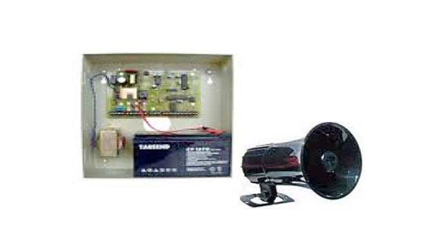 Sirena 12V 85db 30Watts, completa instalada batería 12V 2 AMP , trasformador 120-12 V fuente de poder 2 AMP, caja metálica con interruptor manual .
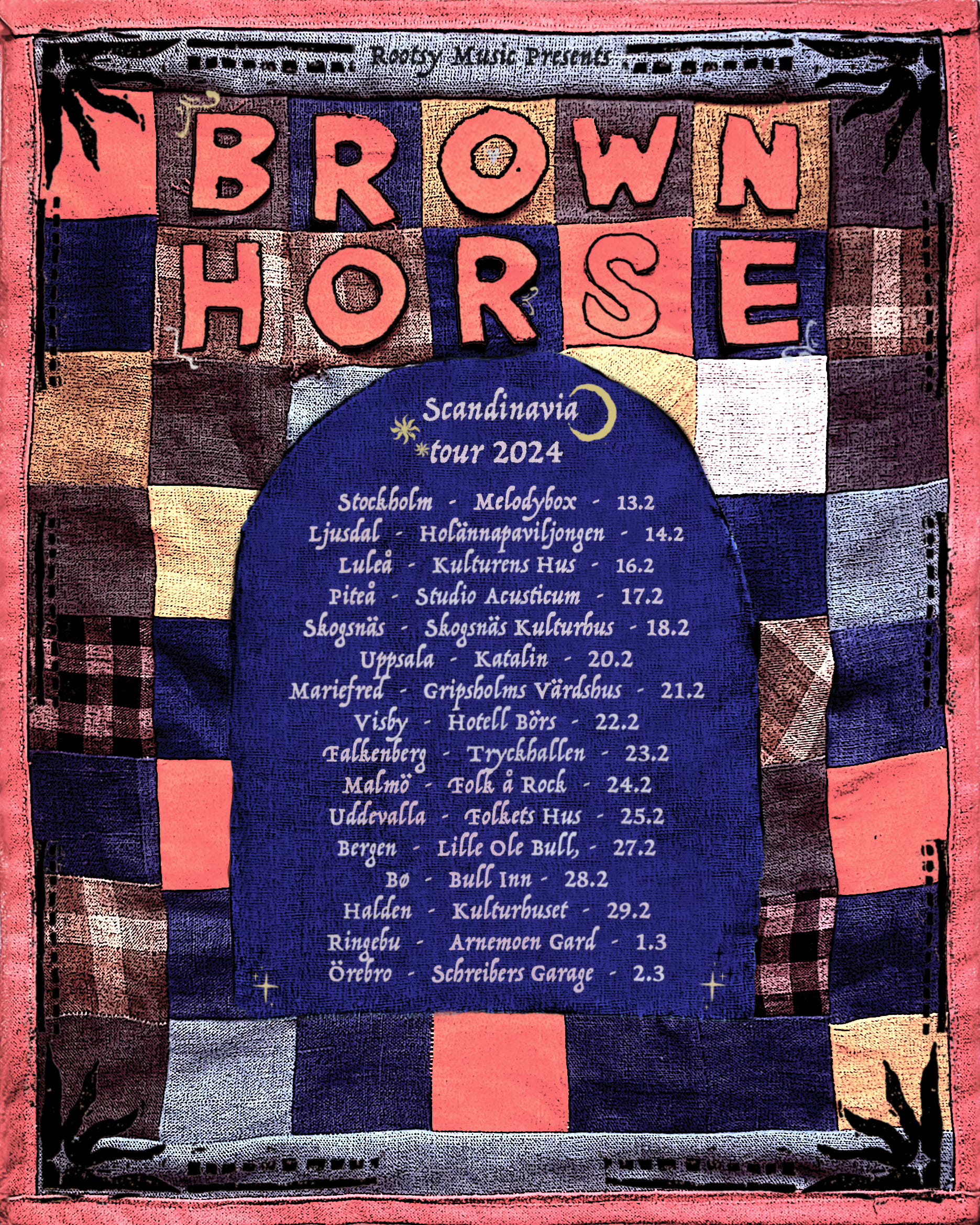 I ended up doing a quite shoddy job of quilting the background for our 2024 winter/spring tour poster, adding some lino printed shapes in post, after Nyle suggested I try sewing something. This little quilt now lives in our merch box on tour and we use it to pin our merch prices to - so it’s had a lot of use.
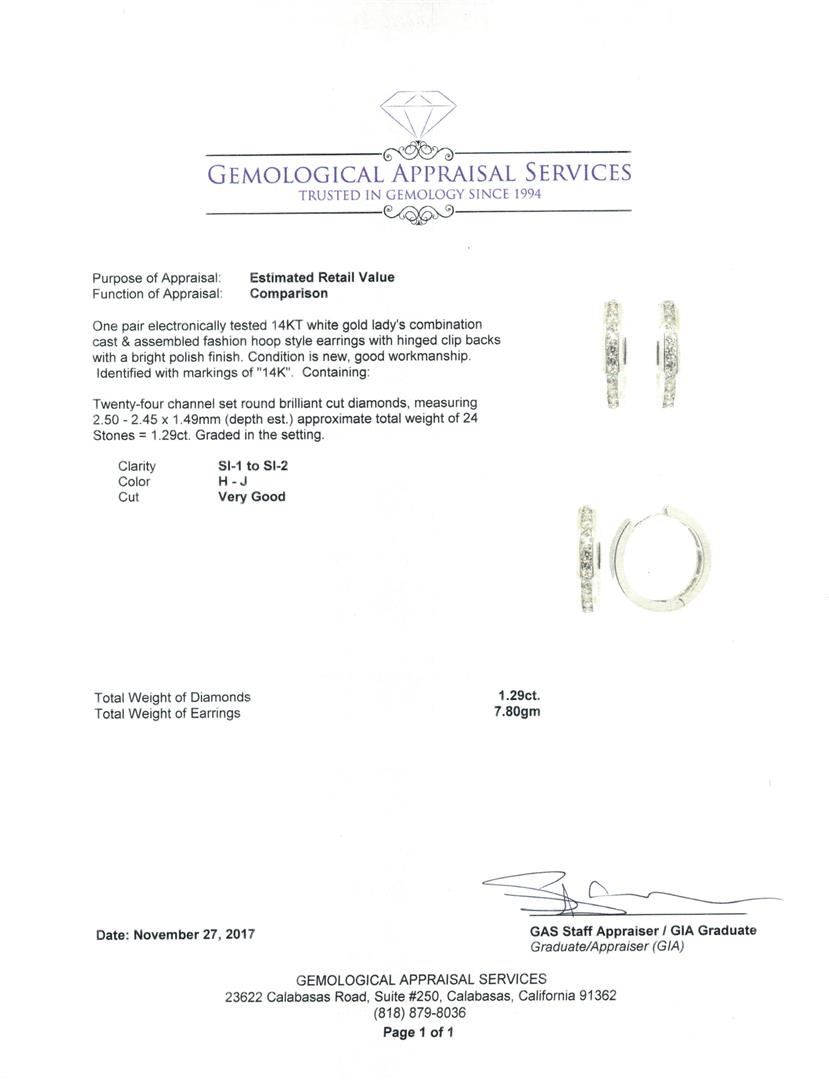 One pair electronically tested 14KT white gold lady's combination cast & assembled fashion hoop style earrings with hinged clip backs with a bright polish finish. Identified with markings of '14K'. Condition is new, good workmanship. Containing: Twenty-Four channel set round brilliant cut diamonds, measuring 2.50 - 2.45 x 1.49mm (depth est.) approximate total weight of 24 Stones = 1.29ct. Graded in the setting. Color H - J Clarity SI-1 to SI-2 Cut Very Good. Total Weight of Diamonds 1.29ct.. Total Weight of Earrings 7.80gm. GAS Appraised.
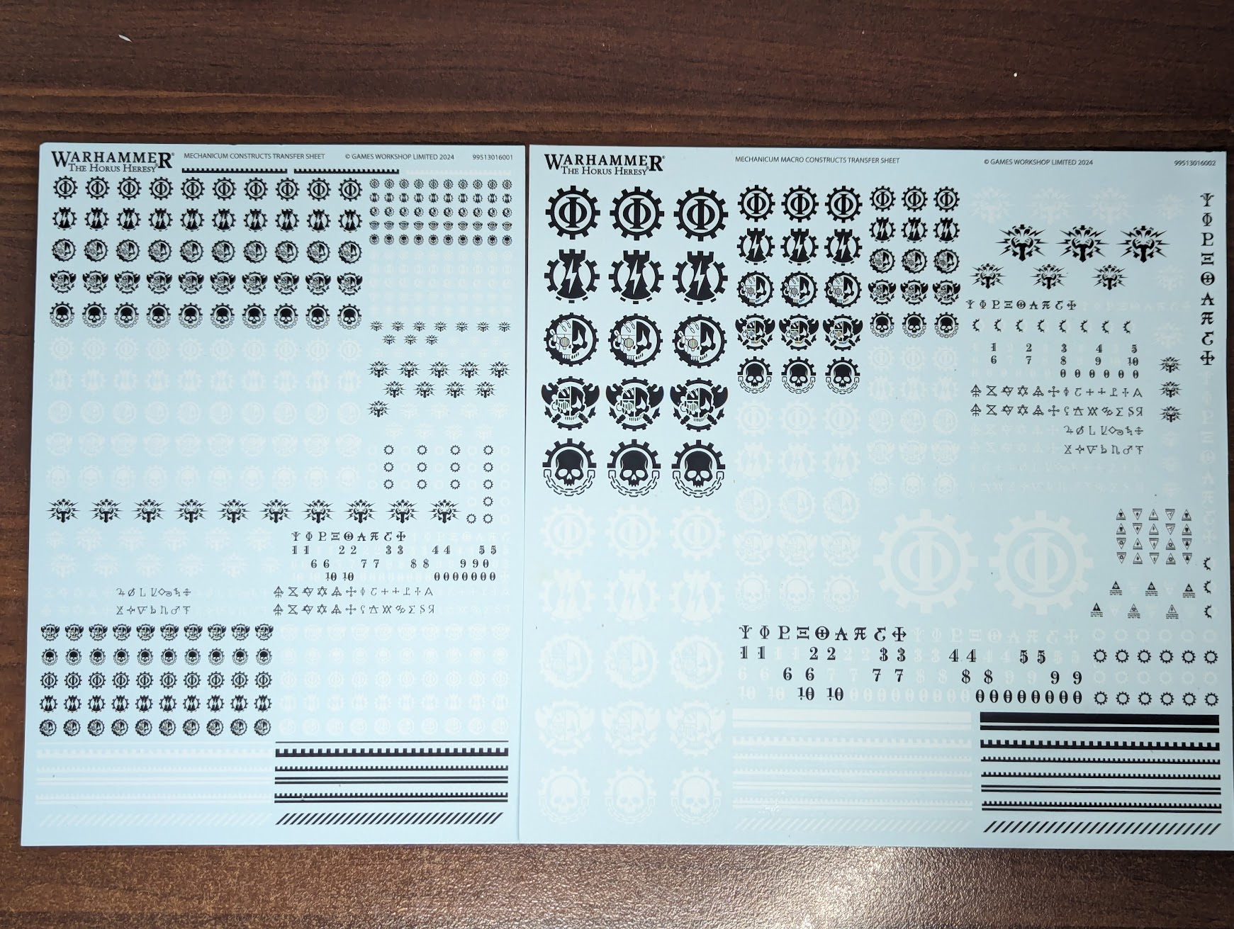 The new Mechanicum transfer sheetsUp until now anyone wanting to start a Mechanicum force has had to pony up some serious cash for resin kits or be a capable converter. While this is still largely the case, this box has all but one of the Mechanicum’s Troops and Dedicated transport options at a much more affordable price point.
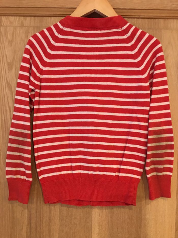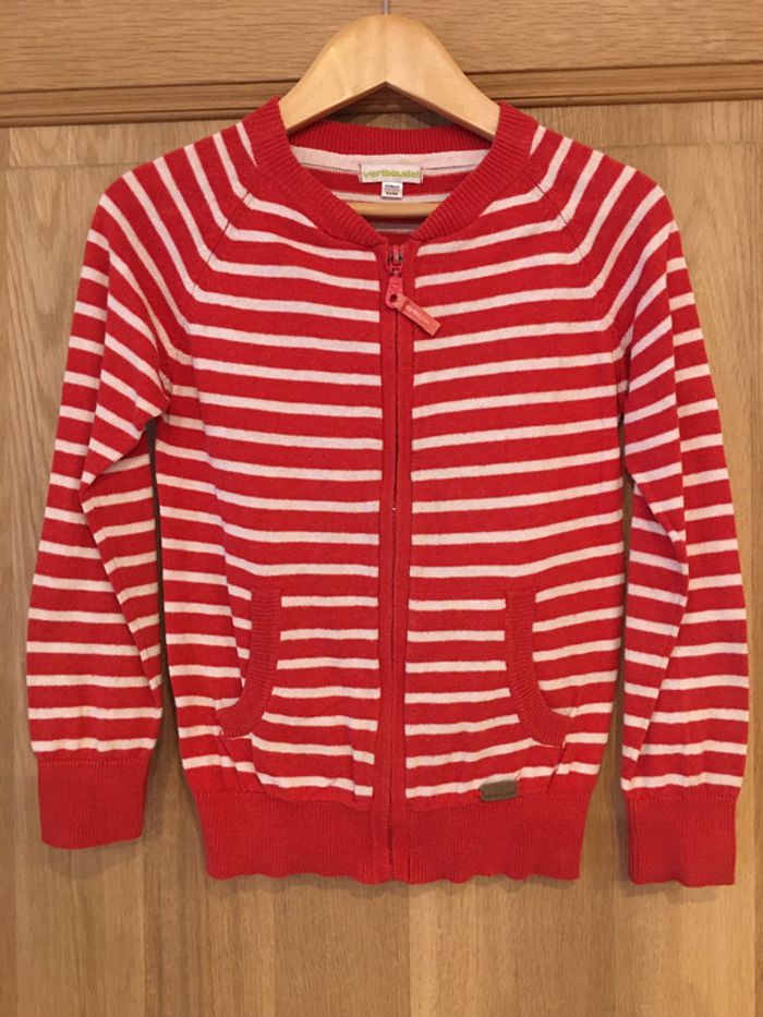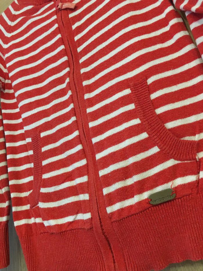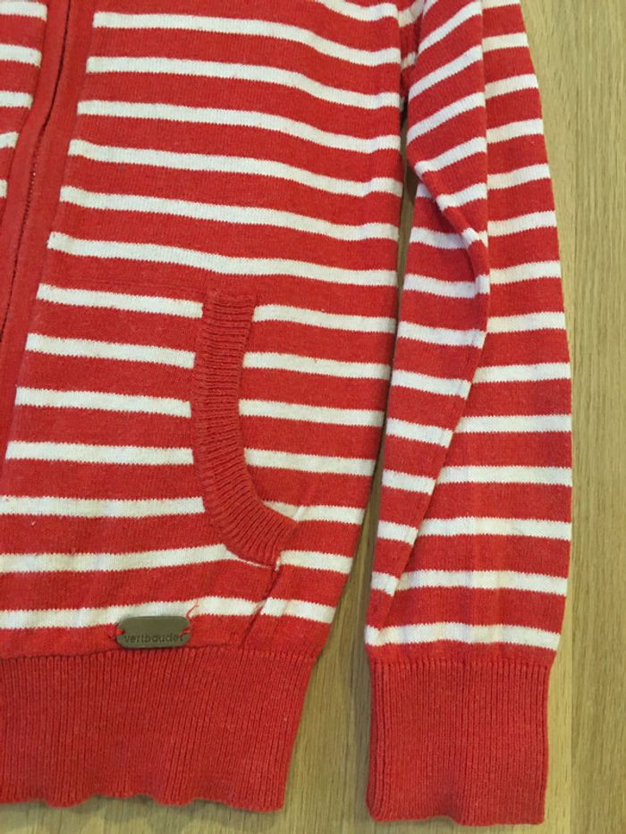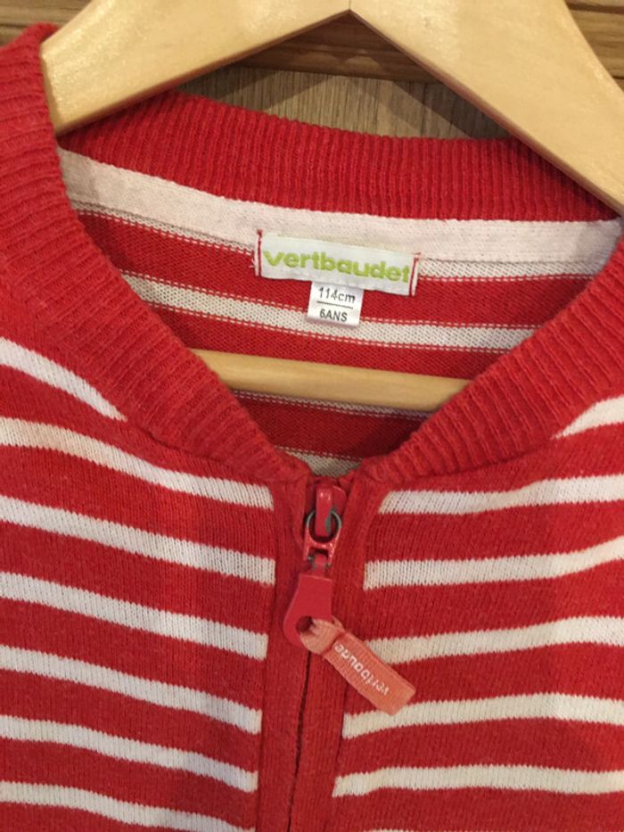 gilet veste en laine enfant garçon verbaudet laine à rayures rouge et blanc souple, doux encolure arrondie col rib manches longues (marques aux coudes idem photo - peut peut être partir avec du détachant) fermeture milieu devant par zip poches devant coupe droite bas droit finitions rib
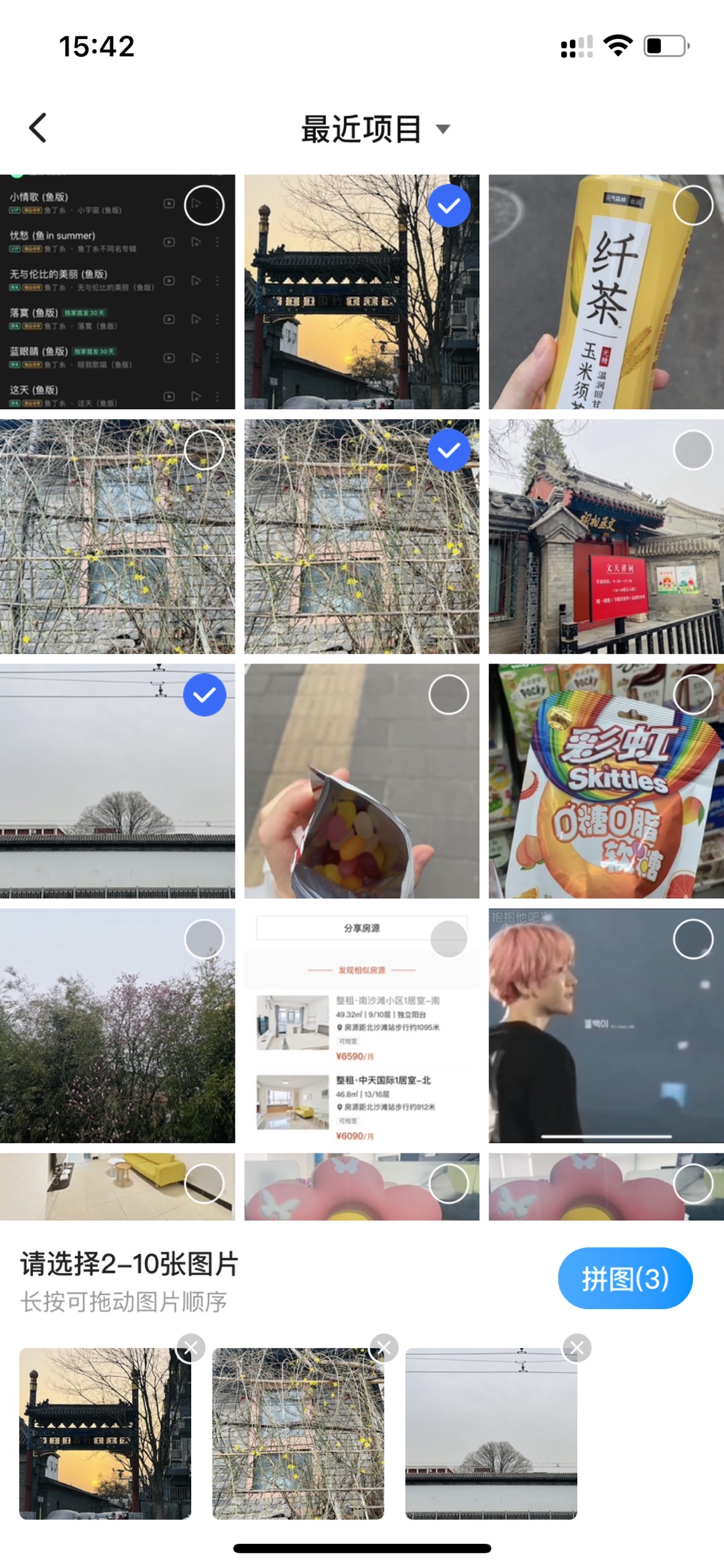 点击“+图片”进入图片库后,选择“拼图”,在图片库选中需要进行拼图的2-10张图片后点击“拼图”按钮,跳转至拼图模板选择,共有四种类型:海报类、纯模板、自由类和拼接类。选中后点击保存即可生成拼图。生成后的拼图依然可以和普通图片一样进行图片的相关操作。

------------------------------------------------------------------------

Repeat the data word for word; drop the pictures.

 Sirena 12V 85db 30Watts, completa instalada batería 12V 2 AMP , trasformador 120-12 V fuente de poder 2 AMP, caja metálica con interruptor manual .
 I ended up doing a quite shoddy job of quilting the background for our 2024 winter/spring tour poster, adding some lino printed shapes in post, after Nyle suggested I try sewing something. This little quilt now lives in our merch box on tour and we use it to pin our merch prices to - so it’s had a lot of use.
 One pair electronically tested 14KT white gold lady's combination cast & assembled fashion hoop style earrings with hinged clip backs with a bright polish finish. Identified with markings of '14K'. Condition is new, good workmanship. Containing: Twenty-Four channel set round brilliant cut diamonds, measuring 2.50 - 2.45 x 1.49mm (depth est.) approximate total weight of 24 Stones = 1.29ct. Graded in the setting. Color H - J Clarity SI-1 to SI-2 Cut Very Good. Total Weight of Diamonds 1.29ct.. Total Weight of Earrings 7.80gm. GAS Appraised.
 The new Mechanicum transfer sheetsUp until now anyone wanting to start a Mechanicum force has had to pony up some serious cash for resin kits or be a capable converter. While this is still largely the case, this box has all but one of the Mechanicum’s Troops and Dedicated transport options at a much more affordable price point.
 gilet veste en laine enfant garçon verbaudet laine à rayures rouge et blanc souple, doux encolure arrondie col rib manches longues (marques aux coudes idem photo - peut peut être partir avec du détachant) fermeture milieu devant par zip poches devant coupe droite bas droit finitions rib
 点击“+图片”进入图片库后,选择“拼图”,在图片库选中需要进行拼图的2-10张图片后点击“拼图”按钮,跳转至拼图模板选择,共有四种类型:海报类、纯模板、自由类和拼接类。选中后点击保存即可生成拼图。生成后的拼图依然可以和普通图片一样进行图片的相关操作。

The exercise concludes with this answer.